### Problem to work on
Using the data below, reproduce exactly the lines from the line with "ヤマボウシを水彩で描きました。画材:水彩、サイズ:F4 I drew" to the line with "(6月2日) 蛭ヶ岳山荘(5", both included; pictures must be dropped.

┄┄┄┄┄┄┄┄┄┄┄┄┄┄┄┄┄┄┄┄

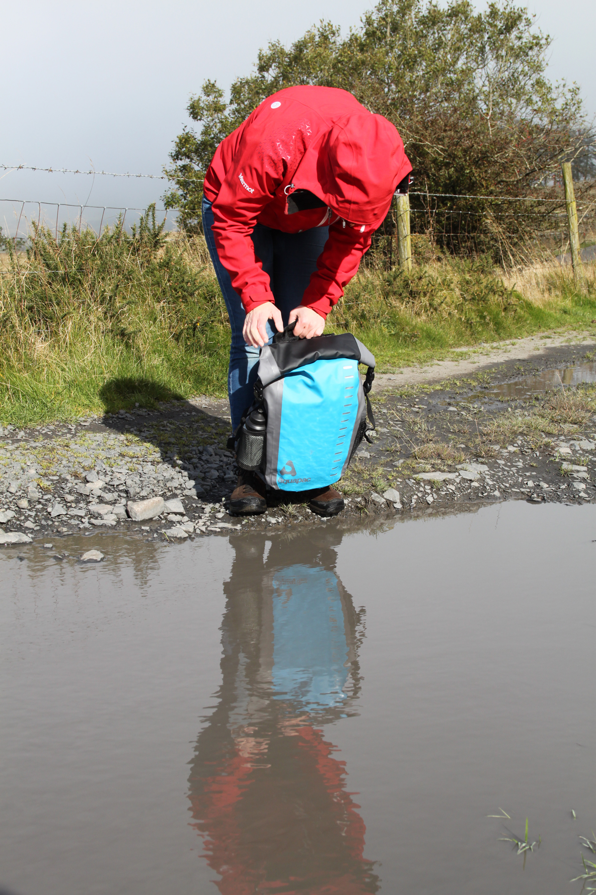Sie rollen das obere Ende der Tasche dreimal auf und schließen den Klickverschluss. Schon kann kein Regen oder Spritzwasser mehr eindringen.
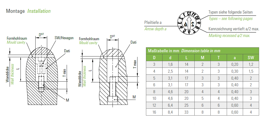 Datomærkning fra Opitz Dati 2900-serien med quick-change af den ønskede markering - en simpel justering på pile-indsatsen ændrer mærkningen. Dati 2900-datomærkninger giver ingen højdeforskel ved justering på pile-indsatsen. Datomærkningen kan blandet andet monteres fra forsiden.Materiale: 1.4034 (rustfri) 56±2 HRCTekstretning: Spejlvendt og nedsænket
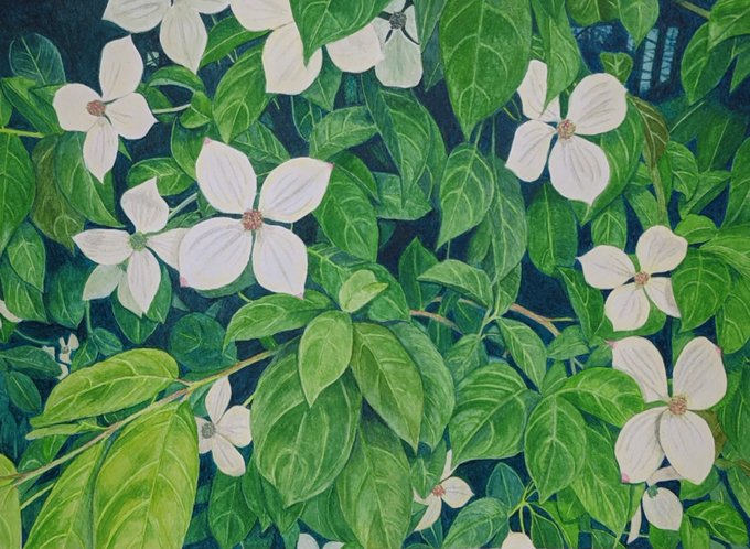 ヤマボウシを水彩で描きました。画材:水彩、サイズ:F4 I drew a Kousa dogwood in watercolor. Painting material: Watercolor, Size: F4 #水彩 #watercolor #artwork
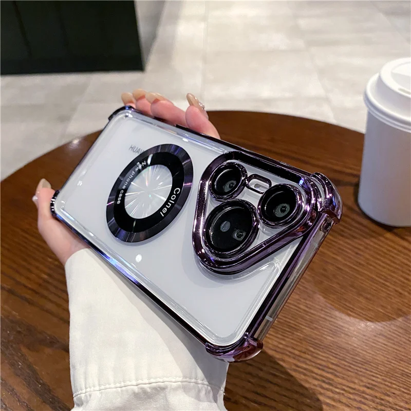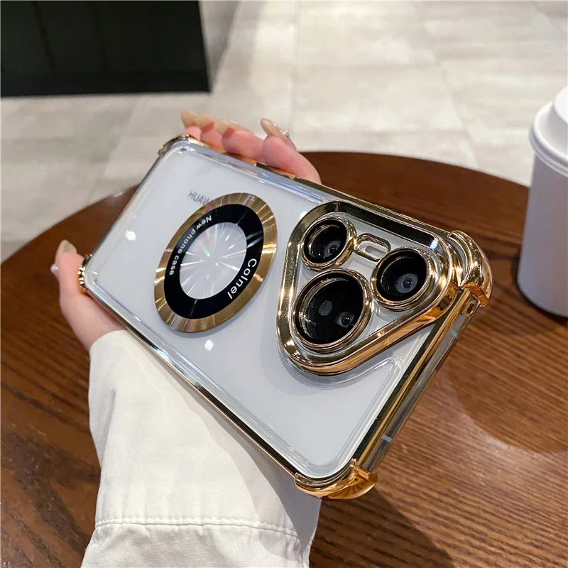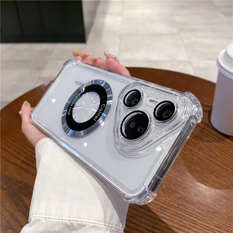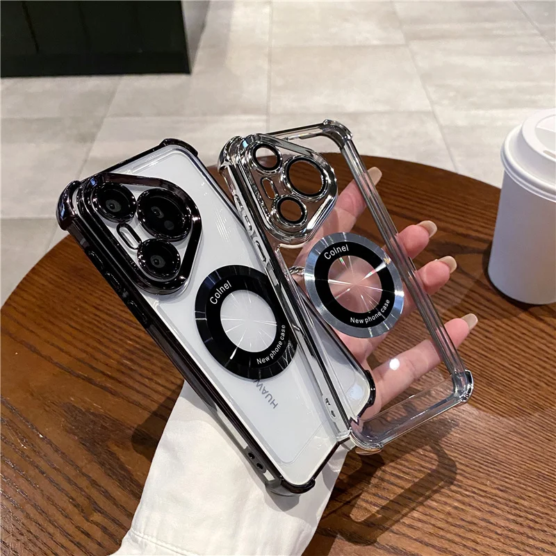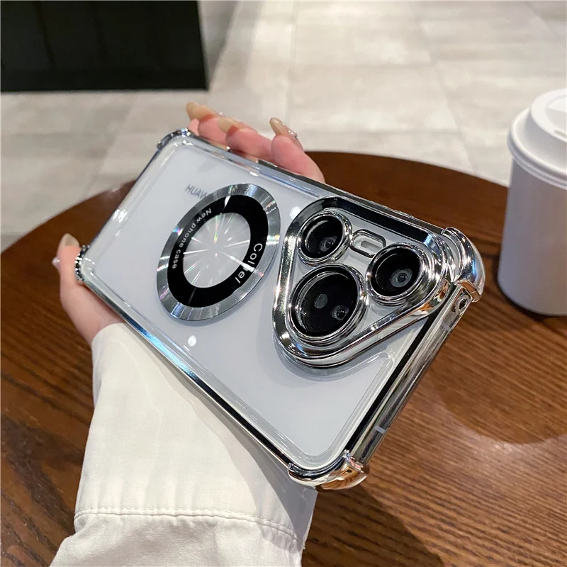 Silicona suave + anticaída de cuatro esquinas + película de lente + para carga inalámbrica Magsafe
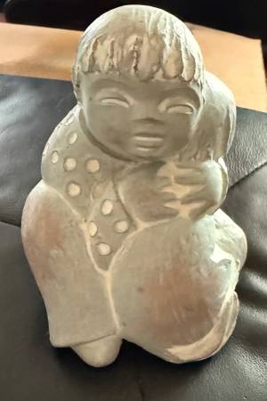 Ttitled "Boy with Dog" or "Boy Hugging Dog”. Signed by artist and in excellent condition. I would describe it as gray green with blush accents. Heavy. Measures approximately 5 inches tall and base...
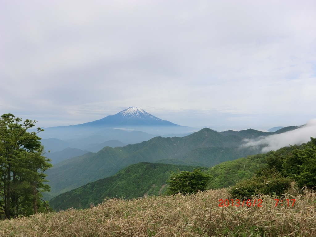 (6月2日) 蛭ヶ岳山荘(5:45)~不動ノ峰休憩所(6:30)~丹沢山(7:00~7:10)~塔ノ岳(8:05~8:15)~鍋割山(9:15~9:30)~後沢乗越(10:04~10:15)~大倉(11:55)
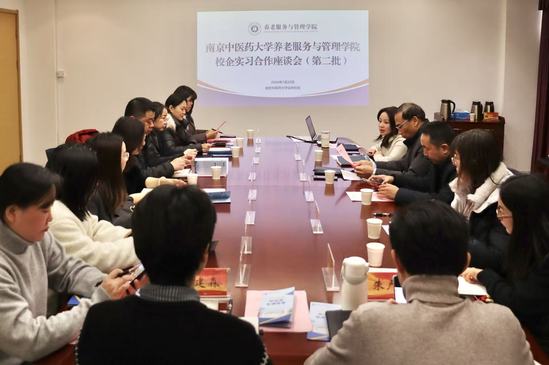 2026年1月22日下午,我院在丰盛楼101会议室召开第二批校企实习合作座谈会。学院党总支书记孙新新、执行院长王明强、党总支副书记兼副院长苏文娟、副院长陈娜,以及来自省内外7家养老机构的11位代表共同出席会议。会议由陈娜主持。
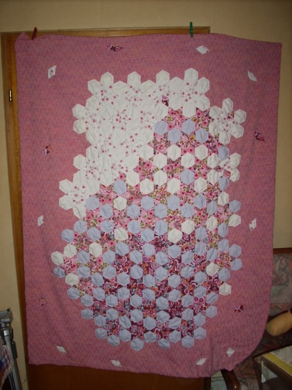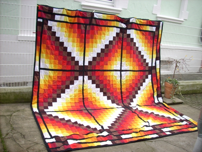 Diese 4 Quilts waren sehr Zeitaufwändig, denn sie sind reine Handarbeit, da wurde nichts mit der Nähmaschine gemacht, den Sternenquilt habe ich mal für meine Schwester gelieselt, den gelben hat meine jüngste Tochter bekommen, den gestreiften die Sandwichtochter und den Blumengarten die älteste Tochter
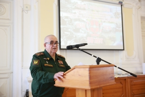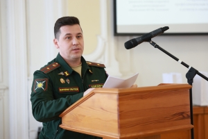 Обзору этапов развития службы горючего, личностям её руководителей разных лет посвятил доклад начальник ВУЦ полковник Хамит Тухбиев. У службы горючего — универсальный профиль напомнил он: специалисты службы не только самым активным образом задействуются в ходе военных конфликтов, но и при ликвидации последствий чрезвычайных ситуаций в мирное время.
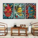 3枚セット 絵画 インテリア ファブリック 絵 和風 絵画 アートフレーム 能面 般若面 鬼 鬼の面 30×40cm アートパネル
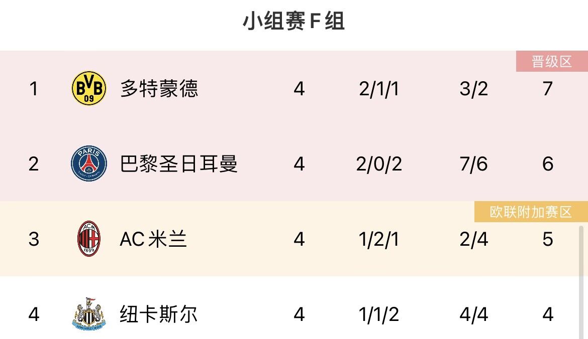 多特7分领跑,纽卡4分垫底。纽卡下轮输球则出局。若下轮多特、巴黎均取胜,则两队一起出线,米兰、纽卡出局。

┄┄┄┄┄┄┄┄┄┄┄┄┄┄┄┄┄┄┄┄

### Exercise result
 ヤマボウシを水彩で描きました。画材:水彩、サイズ:F4 I drew a Kousa dogwood in watercolor. Painting material: Watercolor, Size: F4 #水彩 #watercolor #artwork
 Silicona suave + anticaída de cuatro esquinas + película de lente + para carga inalámbrica Magsafe
 Ttitled "Boy with Dog" or "Boy Hugging Dog”. Signed by artist and in excellent condition. I would describe it as gray green with blush accents. Heavy. Measures approximately 5 inches tall and base...
 (6月2日) 蛭ヶ岳山荘(5:45)~不動ノ峰休憩所(6:30)~丹沢山(7:00~7:10)~塔ノ岳(8:05~8:15)~鍋割山(9:15~9:30)~後沢乗越(10:04~10:15)~大倉(11:55)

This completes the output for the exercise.